The recent death of Tony Wilson has prompted a few mentions of the influence on him of Situationist ideas. Most famously, the name of the Hacienda club in Manchester was apparently inspired by a statement in Ivan Chtcheglov's Formulary for a New Urbanism (1953) that 'the Hacienda must be built'. The following extracts are from Howard Slater's Graveyard and Ballroom: A Factory Records Scrapbook, originally published in his excellent Break/flow magazine in 1999. It presents a more nuanced discussion of the relationship between music, commerce and radical ideas that the kneejerk dismissal of the likes of Wilson as simply 'situationist recuperators' (see for instance this recent discussion at libcom). Image is from a 1978 Factory flyer.

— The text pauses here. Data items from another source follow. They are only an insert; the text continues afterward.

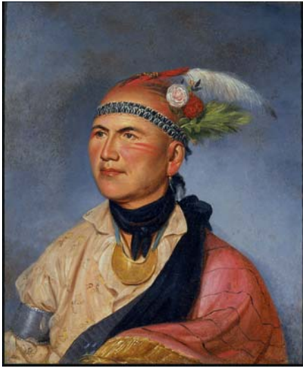
Title: Joseph Brant/Thayendanegea Artist: Charles Willson Peale, from life, 1797 Location: Gallery #1— A Vibrant City (right-hand side toward wall) Think about it: The artist painted this portrait the same year Thayendanegea toured Peale’s museum on Independence Square. Do you think the portrait shows the fear and respect that Thayendanegea commanded?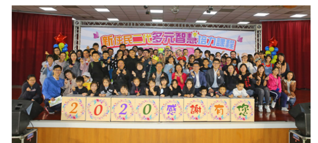
Students, parents and guests took group photos together.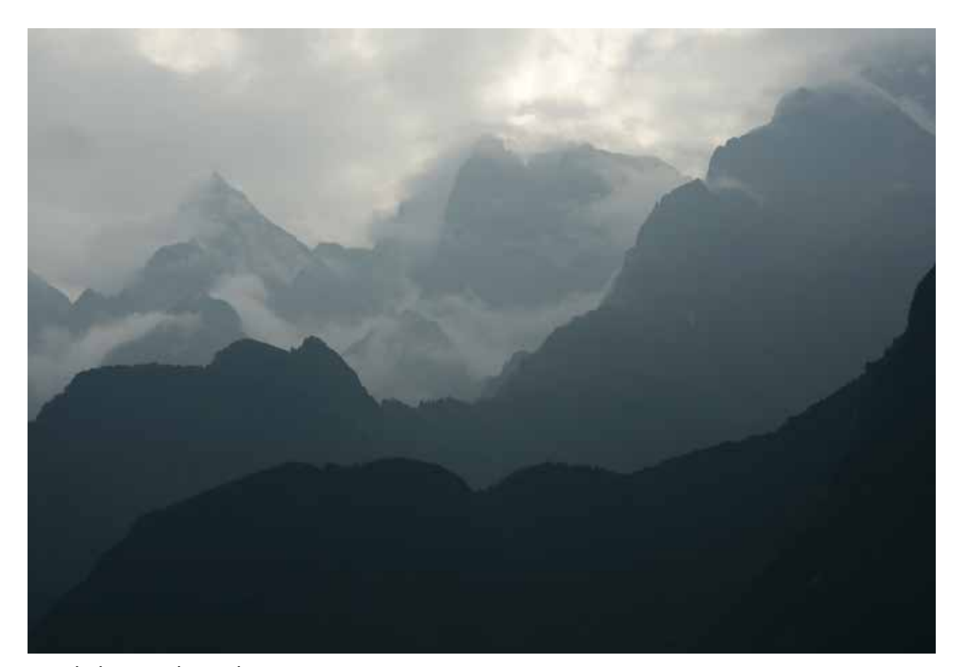
First light on Yulong Shan

However, as ever north-west Yunnan offers a tremendous amount in a more 'compact' area. Locations near Zhongdian offer stunning drifts of Gentiana arethusae adjacent to marshy flats with countless G. sino-ornata along with a dozen other gentianaceae (of various genera). Drifts of Comastoma traillianum quite literally carpet the roadsides in places, and there are plenty of Lomatogonium rotatum , various Swertia and Halenia elliptica . The latter is common throughout the province. Swertia is an especially appealing and diverse genus and includes the bull's-eye flowers of Swertia cincta and its very lovely cousin S. patula with prominent golden nectaries.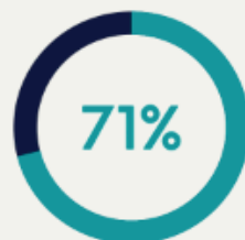
71% of students come from low socioeconomic backgrounds 5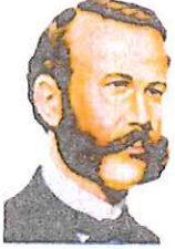
Jean Henry Dunant Founder of Red Cross 1828-1910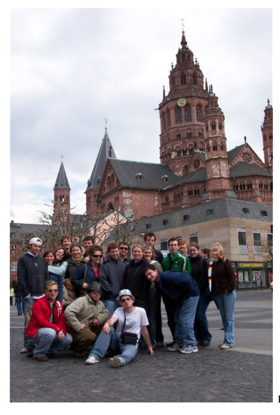
In front of the Mainz Cathedral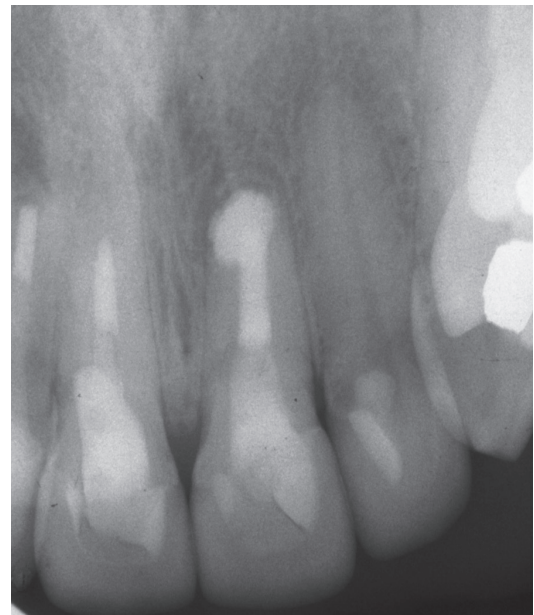
Figure 4. Four-year follow-up radiograph in which healing of the apical lesion is evident.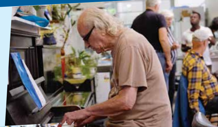
Piano for community use at Reginald Murphy Community Centre

14. Green Square Public School and Community Spaces Opening early 2025 The new school is a City/State partnership and will have facilities for community use including a hall, multi-purpose court and meeting rooms. They will be used by the school by day and available for the community after hours.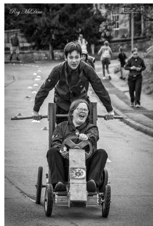
Unbridled fun and joy!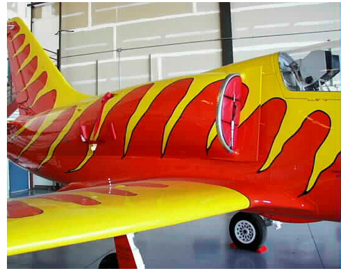
Inlet Plug, folding type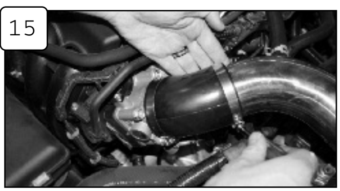
Position and tighten clamps on tube using 5/16" nut driver.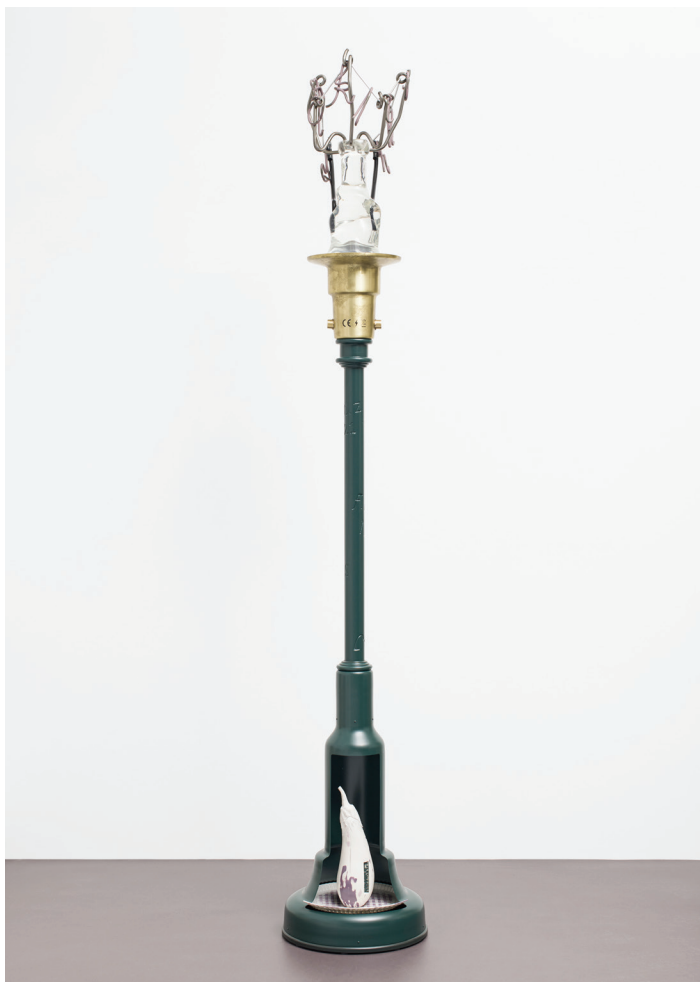
Magali Reus, Candlesticks (Blacklight Tamatar) , 2022, spun, welded and powder coated aluminium, hand-carved and powder coated aluminium extrusion, spun, welded and handpatinated brass, dry transfer, sand cast powder coated aluminium, cast Epoxy resin, polished and powder coated forged steel bar, aluminium wire, 3D printed Nylon SLS, EVA plaster filler mix, pigments, sprayed MDF, screws, 304 x 50 x 50 cm. Courtesy: the artist; The Approach, London; Fons Welters, Amsterdam and Galerie Greta Meert, Bruxelles. Photograph: Michal Brzezinski.

There are many Situationist references around Factory Records that range from the obvious (Haçienda) to the tenuous (Stockholm Monsters named after Swedish youth riots of 1956?). Most would be agreed that this influence stems from Factory impresario Tony Wilson who had met short-lived SI member Christopher Grey at Oxbridge and once flashed a copy of the Situationist International Anthology during a Factory documentary, Play At Home, on Channel 4 (1984).

The closeness between Tony Wilson and the long-term Factory act the Durutti Column may suggest that this group's mainstay, Vini Reilly, shared Wilson's enthusiasm: on A Factory Sample Reilly lists ex-band members in terms of 'Exclusions' and includes, as his image contribution, the Situationist Group's 'Two Cowboys' graphic. There was the sandpaper album sleeve after Debord's book Memoirs and Wilson's management alter-ego, in a reference to the French student uprisings of 1968, was called Movement of the 24th January.

These connections between Tony Wilson and a popularisation of the Situationists was made explicit by Factory's sponsoring of the ICA's SI exhibition catalogue in 1989 and by hosting the 1996 SI conference at the Haçienda. However, most people within a post-situationist milieu would more than likely view Wilson and Factory with suspicion: he has been a long term TV presenter with Granada and a music industry mogul via Factory Records (albeit a company that went into receivership, appears to have kept minimal financial records and seemed more interested in 'sacrificing' its wealth on buildings and ostentatious interior design).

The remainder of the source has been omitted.